Instructions for the task: Everything from the line with "花34万装400平的房子,谁" to the line with "That connection has" in the listing below, both lines included, needs to be copied exactly, apart from the pictures.

Data for analysis:
⁂

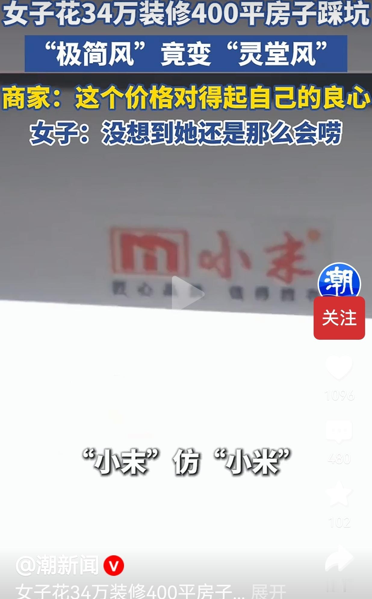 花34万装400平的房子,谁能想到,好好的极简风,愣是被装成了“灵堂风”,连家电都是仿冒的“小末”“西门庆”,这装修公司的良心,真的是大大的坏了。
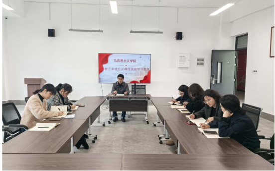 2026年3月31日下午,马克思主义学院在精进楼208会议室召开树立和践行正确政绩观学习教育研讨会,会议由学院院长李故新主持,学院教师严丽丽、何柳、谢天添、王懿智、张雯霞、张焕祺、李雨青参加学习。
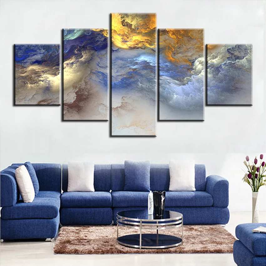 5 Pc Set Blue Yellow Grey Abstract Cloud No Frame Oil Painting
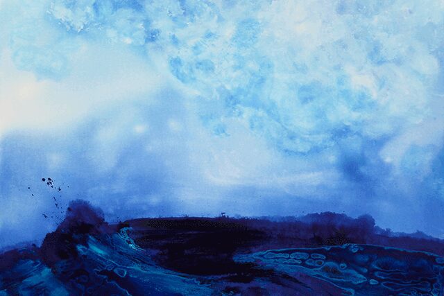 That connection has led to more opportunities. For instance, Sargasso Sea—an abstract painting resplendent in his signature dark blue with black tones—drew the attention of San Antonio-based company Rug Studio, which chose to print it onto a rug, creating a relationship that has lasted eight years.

⁂

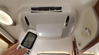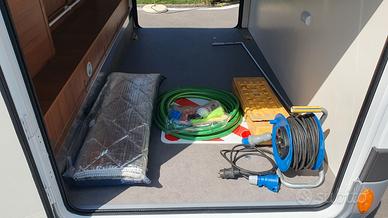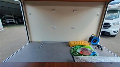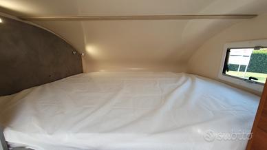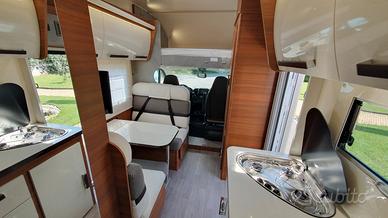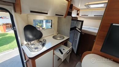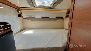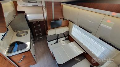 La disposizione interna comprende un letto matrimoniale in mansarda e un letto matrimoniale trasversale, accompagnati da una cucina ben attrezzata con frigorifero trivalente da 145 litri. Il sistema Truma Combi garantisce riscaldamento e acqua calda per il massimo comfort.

⁂

Exercise answer:
 花34万装400平的房子,谁能想到,好好的极简风,愣是被装成了“灵堂风”,连家电都是仿冒的“小末”“西门庆”,这装修公司的良心,真的是大大的坏了。
 2026年3月31日下午,马克思主义学院在精进楼208会议室召开树立和践行正确政绩观学习教育研讨会,会议由学院院长李故新主持,学院教师严丽丽、何柳、谢天添、王懿智、张雯霞、张焕祺、李雨青参加学习。
 5 Pc Set Blue Yellow Grey Abstract Cloud No Frame Oil Painting
 That connection has led to more opportunities. For instance, Sargasso Sea—an abstract painting resplendent in his signature dark blue with black tones—drew the attention of San Antonio-based company Rug Studio, which chose to print it onto a rug, creating a relationship that has lasted eight years.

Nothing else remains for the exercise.